Comme Doom avant lui, Halo a semblé convaincre la grande majorité des développeurs que la création de jeux de tir à la première personne de haute qualité était la clé du succès futur. Le milieu des années 2000 a apporté une multitude d'excellents tireurs sur console pour accompagner le flux continu - quoique légèrement atténué - de grands jeux PC. Ceux-ci comprenaient des quantités massives de tireurs de la Seconde Guerre mondiale comme Battlefield 1942 et Call of Duty, des suites très attendues comme Doom 3 et Half-Life 2, et de nouvelles franchises comme Far Cry et PlanetSide, parmi beaucoup d'autres.
Un titre particulièrement remarquable était Metroid Prime de 2002 pour Gamecube. Il a transplanté les aventures de puzzle à défilement latéral de Samus Aran dans un cadre FPS moderne tout en conservant la sensation et l'âme des jeux originaux.

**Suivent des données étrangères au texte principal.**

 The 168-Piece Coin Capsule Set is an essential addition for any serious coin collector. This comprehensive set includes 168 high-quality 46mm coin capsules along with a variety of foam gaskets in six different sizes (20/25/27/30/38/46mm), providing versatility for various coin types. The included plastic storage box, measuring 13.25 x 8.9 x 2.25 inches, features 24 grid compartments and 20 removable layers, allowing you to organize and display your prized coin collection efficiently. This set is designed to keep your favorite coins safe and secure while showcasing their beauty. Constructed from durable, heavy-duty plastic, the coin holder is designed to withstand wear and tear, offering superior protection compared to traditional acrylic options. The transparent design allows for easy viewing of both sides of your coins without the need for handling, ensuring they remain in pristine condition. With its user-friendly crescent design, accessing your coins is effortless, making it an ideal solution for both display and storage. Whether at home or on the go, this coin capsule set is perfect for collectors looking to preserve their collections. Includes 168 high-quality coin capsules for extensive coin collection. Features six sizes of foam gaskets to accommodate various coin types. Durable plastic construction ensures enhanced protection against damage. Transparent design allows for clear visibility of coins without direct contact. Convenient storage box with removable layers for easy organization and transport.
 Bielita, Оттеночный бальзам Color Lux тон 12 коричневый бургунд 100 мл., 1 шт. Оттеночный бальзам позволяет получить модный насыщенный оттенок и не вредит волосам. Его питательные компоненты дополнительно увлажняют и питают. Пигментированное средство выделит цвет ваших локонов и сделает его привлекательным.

Peut-être plus important encore, c'était l'un des premiers jeux FPS populaires à mettre fortement l'accent sur les aspects du jeu d'aventure comme l'exploration et la plate-forme plutôt que le simple tir. Les fans de la série et les fanatiques de FPS sont tombés amoureux du jeu en masse, ce qui en fait l'un des jeux les plus réussis sur le plan critique et commercial jamais sorti sur GameCube.

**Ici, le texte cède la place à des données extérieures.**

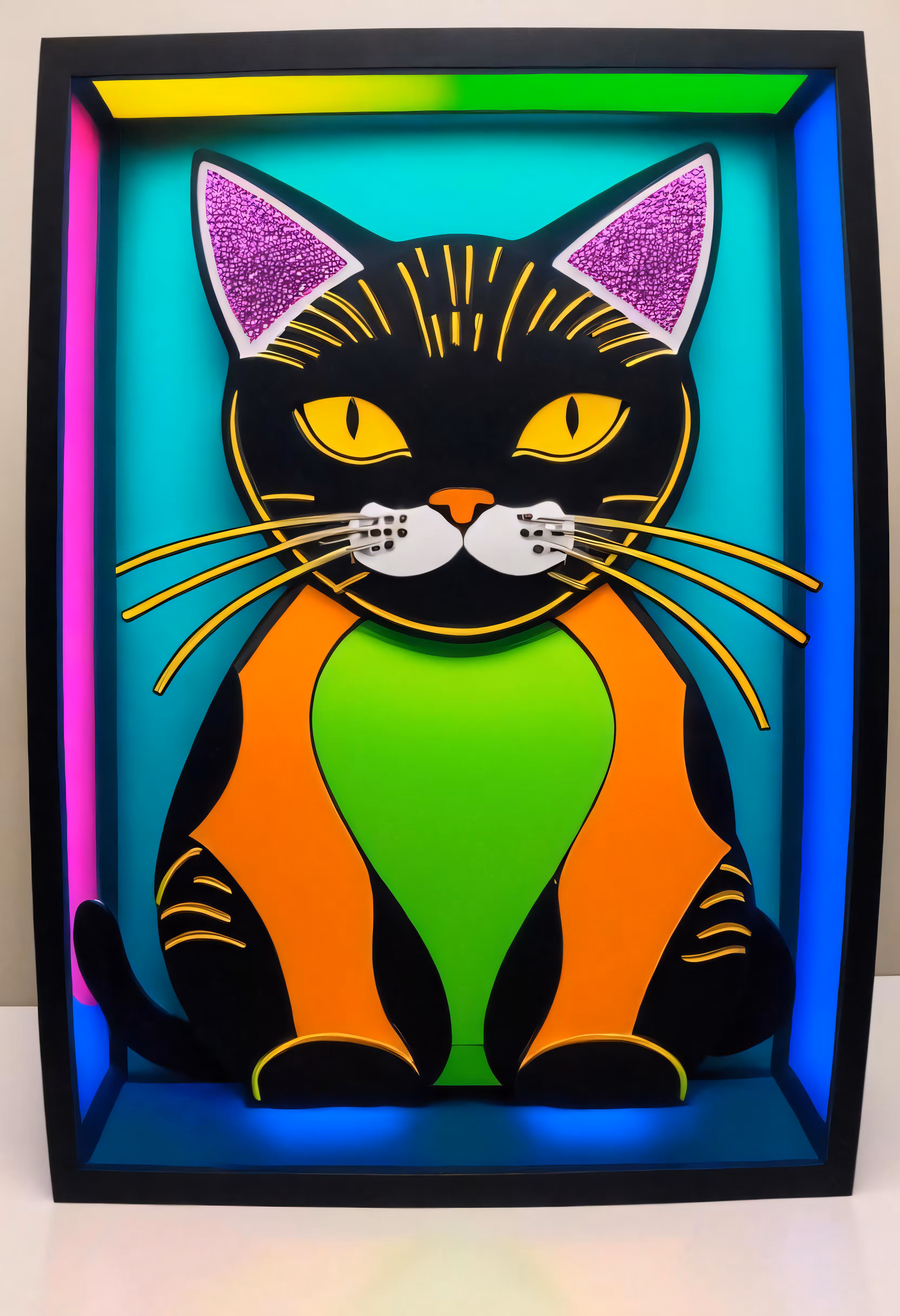 High resolution picture, free to use, a black and orange cat is in a colorful glass frame
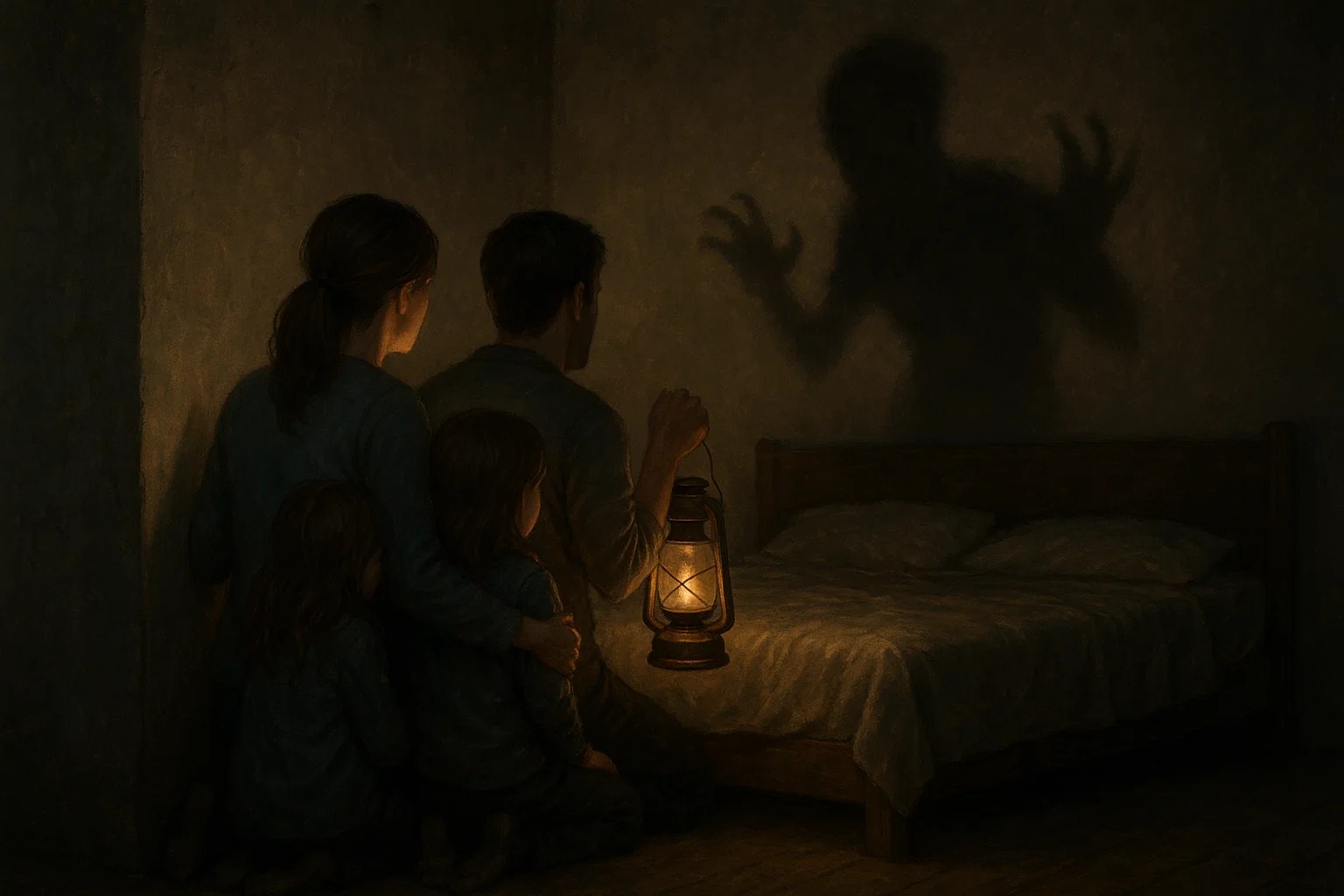 Yağmurlu bir gecede, dört kişilik bir ailenin küçük evindeyiz. Gök gürültülerinden uyuyamayan iki kardeş, korku içinde anne ve babalarının yatağına girerler. Ancak tam o anda, farklı bir ses daha duyulur; bu ses gök gürültüsüne benzememektedir. Baba doğrulup gece lambasını açmak ister, ancak elektrikler gitmiştir. Çekmeceden bir fener çıkarır ve sesi geldiği yöne doğru tutar; fakat karşısında sadece boş bir duvar vardır. Tekrar yatağa dönerler. Bir süre sonra anne, küçük çocuklardan birinin elinde fenerle duvara doğru bakarak beklediğini fark eder. Çocuk, kardeşinin duvarın içinde olduğunu söyler. Duvarda koyu bir karanlık lekesi vardır; fener ışığı ona tutuldukça küçülür ve hareketsiz hale gelir. Baba ve anne, feneri karanlığa yaklaştırır. Baba, eliyle karanlığı aralayarak içerideki kızını kurtarır. Tam o anda fener yere düşer, birkaç kez kıvılcım çıkararak titrer. Fakat karanlık daha fazlasını istemektedir. Fenerin ışığı odayı yeniden aydınlattığında, aile artık orada değildir. Sabah olduğunda, mahallede sadece küller, yıkıntılar ve inatla çalmaya devam eden bir çizgi film kalır.

2007 : Call of Duty : Modern Warfare s'attaque à Hollywood pour devenir un géant du divertissement

En 2007, un jeu a établi la norme par rapport à laquelle tous les futurs FPS seraient mesurés (ou du moins, tous les FPS pour très longtemps) : Call of Duty 4 : Modern Warfare. Tandis que le Franchise Call of Duty était populaire à ses débuts - d'où l'expansion rapide du sous-genre de la Seconde Guerre mondiale - Modern Warfare a bouleversé le paysage en mettant à jour les armes, les décors et les scénarios, et en a ajouté quelques-uns vraiment inoubliables, brillamment scénarisés missions pour devenir l'un des tireurs (et des jeux) les plus complets et les plus appréciés jamais créés.

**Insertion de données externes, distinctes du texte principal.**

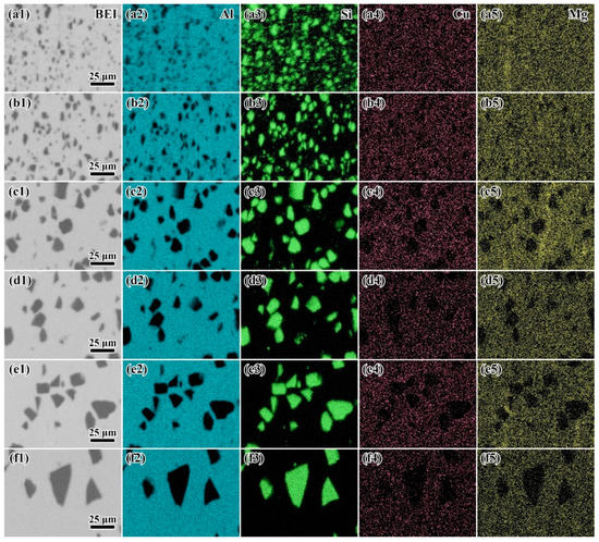 The typical EDS mapping of (a) H-4, (b) H-8, (c) H-12, (d) H-15, (e) H-20, and (f) H-30. The results of (1) backscattered electron image, EDS mapping of (2) Al, (3) Si, (4) Cu, and (5) Mg are shown in every group.
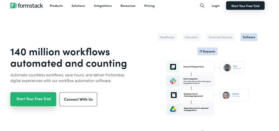 Formstack offers a free trial and five types of paid plans; the Forms plan for data collection starts at $50 per month.
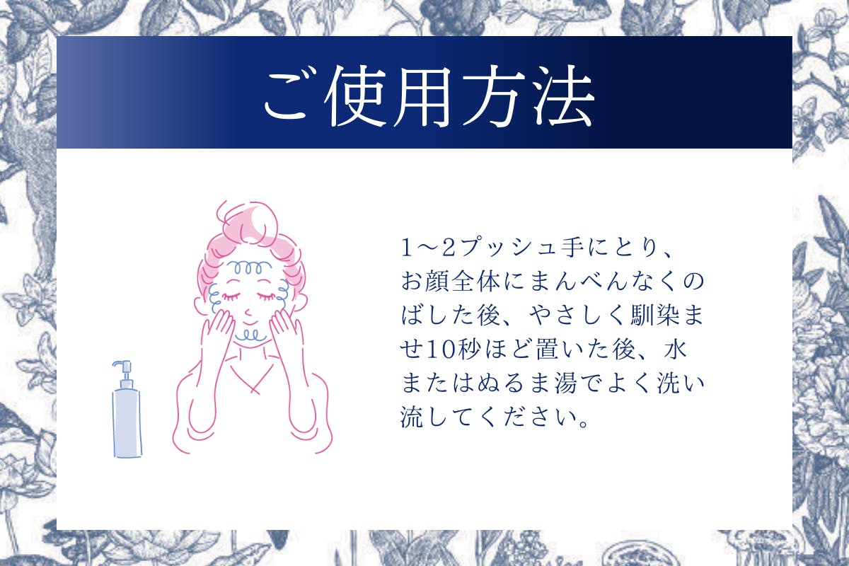 1〜2プッシュ手にとり、お顔全体にまんべんなくのばした後、やさしく馴染ませ10秒ほど置いた後、水またはぬるま湯でよく洗い流してください。最初のロック解除は、まずポンプの根元をしっかり押さえながら、ノズル部分を半時計回りに回すと解除できます。
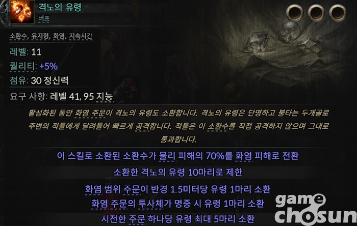 핵심 스킬은 유지형 버프 스킬인 '격노의 유령'이다. 격노의 유령은 화염 주문을 사용 시 '격노의 유령'을 소환(Summons Raging Spirits)하는 스킬이며, 그래서 이 빌드를 SRS 위치라고도 부른다. 초반부터 손쉽게 10마리 이상의 소환수를 부릴 수 있어 안정적으로 전투를 진행할 수 있는 것이 장점이다.
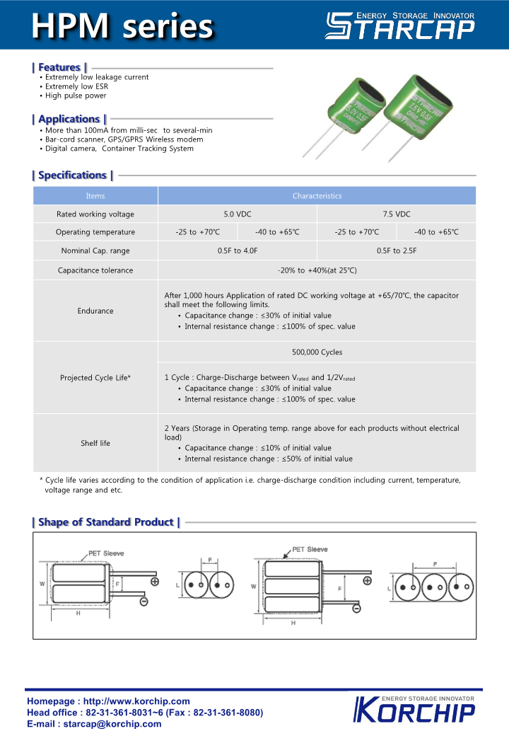 韩国高吉普Korchip扣式超级法拉电容 HPML5R0405

Ce n'était pas seulement la campagne non plus - Modern Warfare a apporté des fonctionnalités en ligne vraiment innovantes, comme des avantages personnalisables, la mise à niveau et le prestige, donnant le coup d'envoi et accrochant une base de fans fidèle et talentueuse qui joue encore au jeu aujourd'hui. Tout cela, combiné à son gameplay rapide et riche en contractions, a également fait de CoD le choix par excellence pour les sports électroniques et le rendez-vous dominant du calendrier des sorties de jeux chaque année pendant près d'une décennie.
2014 : PS4 et Xbox One établissent des « jeux en tant que service » alors que le genre FPS accomplit son destin

Alors que le genre FPS s'est sans aucun doute amélioré peu à peu après Modern Warfare, il n'y a pas eu de 'moment Eureka' remarquable jusqu'en 2014, lorsque Bungie - en partenariat avec Activision - a sorti destin . Un FPS sur console qui est toujours en ligne et alimenté par un jeu coopératif axé sur la communauté et des progrès persistants de style MMO, Destiny était un titre extrêmement ambitieux lors de son premier lancement. Bien qu'il ne soit pas toujours parfait au cours de sa première année et qu'il manque initialement dans certains domaines tels que la narration explicite et l'étendue du contenu, Destiny a attiré une communauté massive et farouchement loyale remplie d'individus qui continuent joyeusement à consacrer des centaines et des milliers d'heures au jeu.
Maintenant grandement amélioré depuis ses débuts - quand, malgré ses défauts, il était encore assez bon pour remporter notre prix du jeu de l'année 2014 - Destiny est maintenant un leader du genre, un goliath brillant, nuancé, riche et affiné qui les jeux de tous les autres genres s'en inspirent pour tenter de reproduire son énorme succès. Pendant ce temps, Bungie a annoncé Destin 2 pour septembre, qui pourrait bien marquer la prochaine grande étape évolutive dans le genre FPS imparable.